Exercise brief: Send back the line that contains "Säljer en stilren" and all lines following it through the end of the data below, exactly, omitting pictures.

Dataset extract:
--------
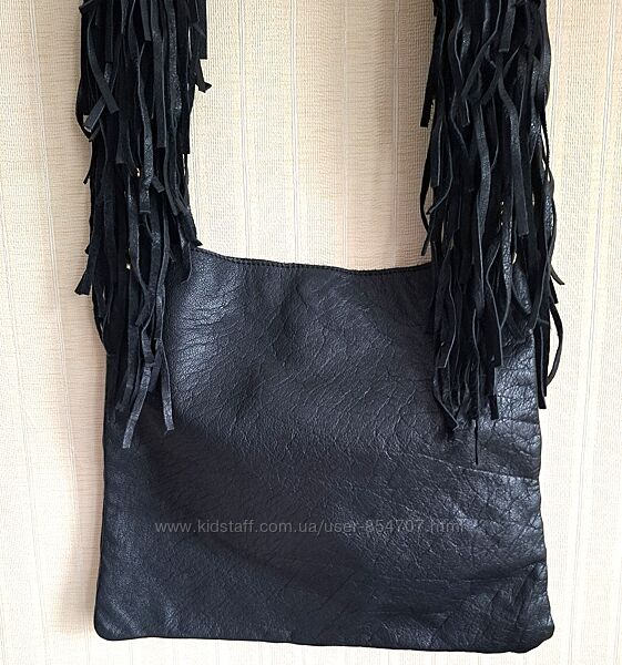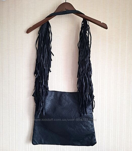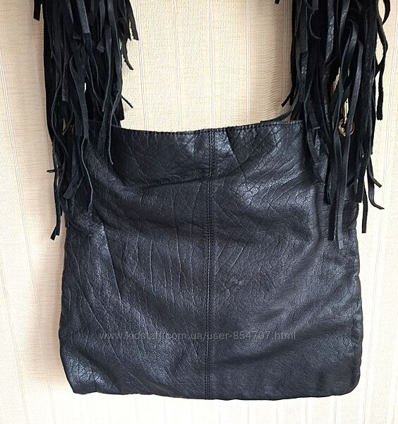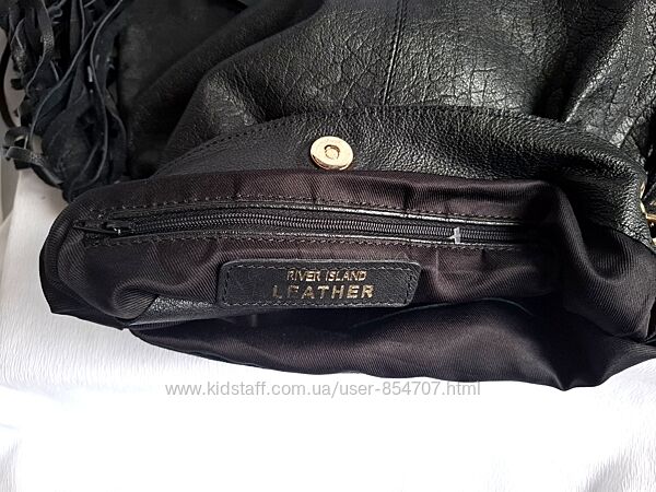 Сумка женская кожаная черная через плечо River IslandМодная и стильная сумка кросс боди изготовлена из качественной, мягкой натуральной кожи. На подкладке. Одно отделение на магнитной кнопке, с тремя карманами, один из них на молнии. Ремешок декорирован бахромой. Размеры (в см): ширина внизу 38, сверху 32; высота 33. Длина ручки 108 см.
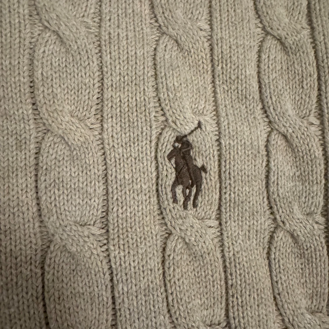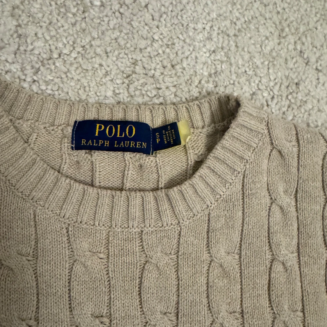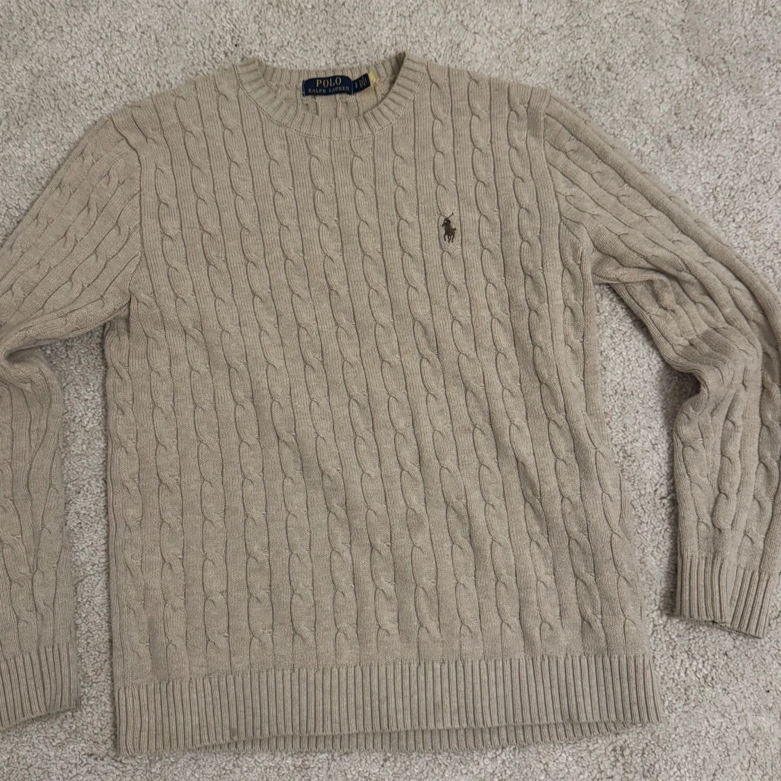 Säljer en stilren beige stickad tröja från Ralph Lauren med kabelstickat mönster och broderad logotyp på bröstet. Tröjan har långa ärmar och rund halsringning. Den är varm och ger dig en old money look samt Perfekt för kyligare dagar! Inga defekter. Storlek S men passar både s-m, riktigt stretchigt material som gör att den passar på nästan alla
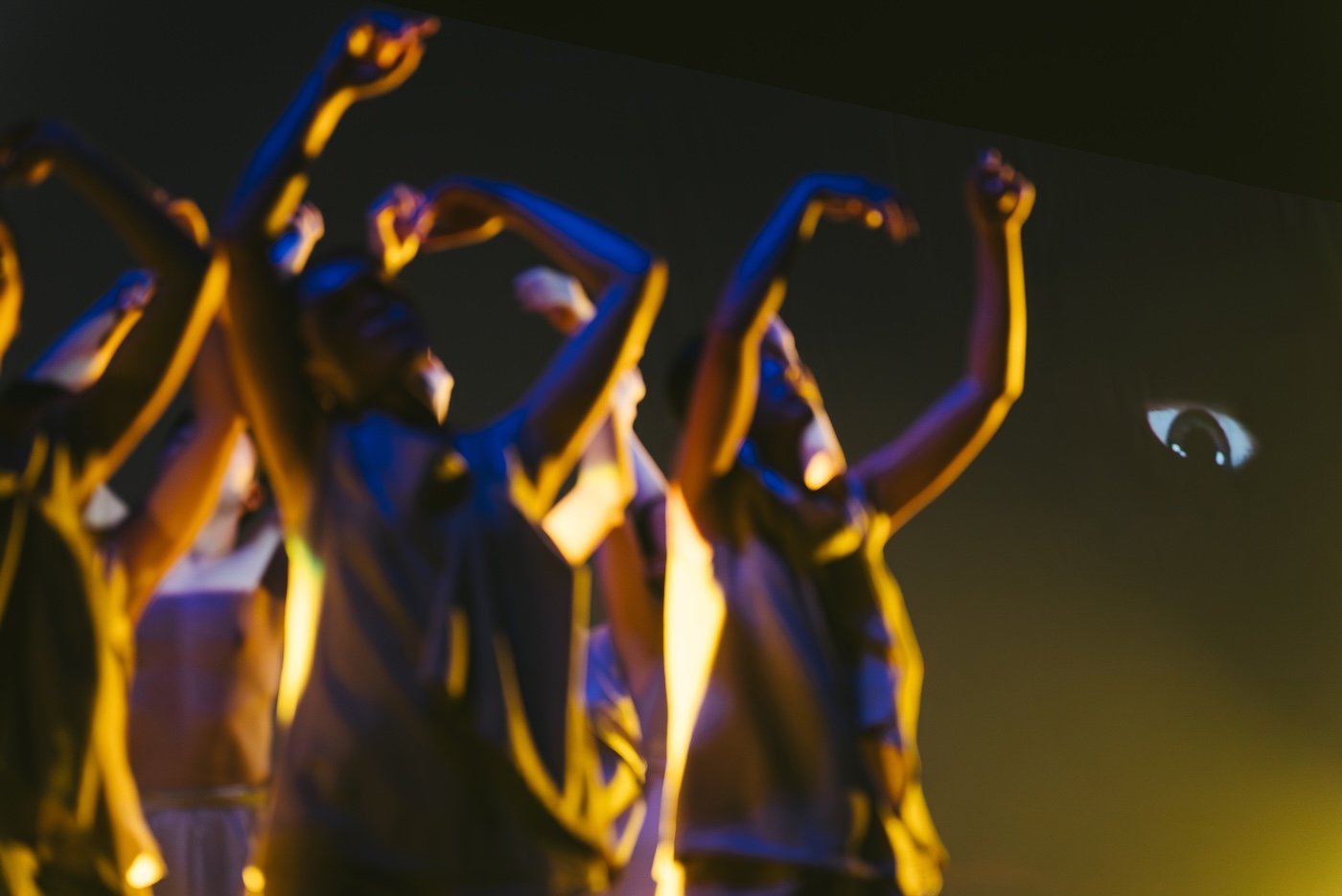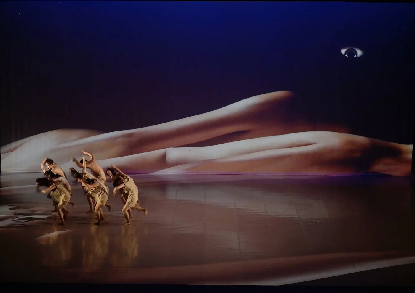 Against the “eyes above” that figure a divine gaze, the “eyes below” denote spectators and tourists. When looking becomes occupation, the dancers are submerged and nearly erased—revealing how modern visual culture consumes traditional bodies.
--------
Answer section:
 Säljer en stilren beige stickad tröja från Ralph Lauren med kabelstickat mönster och broderad logotyp på bröstet. Tröjan har långa ärmar och rund halsringning. Den är varm och ger dig en old money look samt Perfekt för kyligare dagar! Inga defekter. Storlek S men passar både s-m, riktigt stretchigt material som gör att den passar på nästan alla
 Against the “eyes above” that figure a divine gaze, the “eyes below” denote spectators and tourists. When looking becomes occupation, the dancers are submerged and nearly erased—revealing how modern visual culture consumes traditional bodies.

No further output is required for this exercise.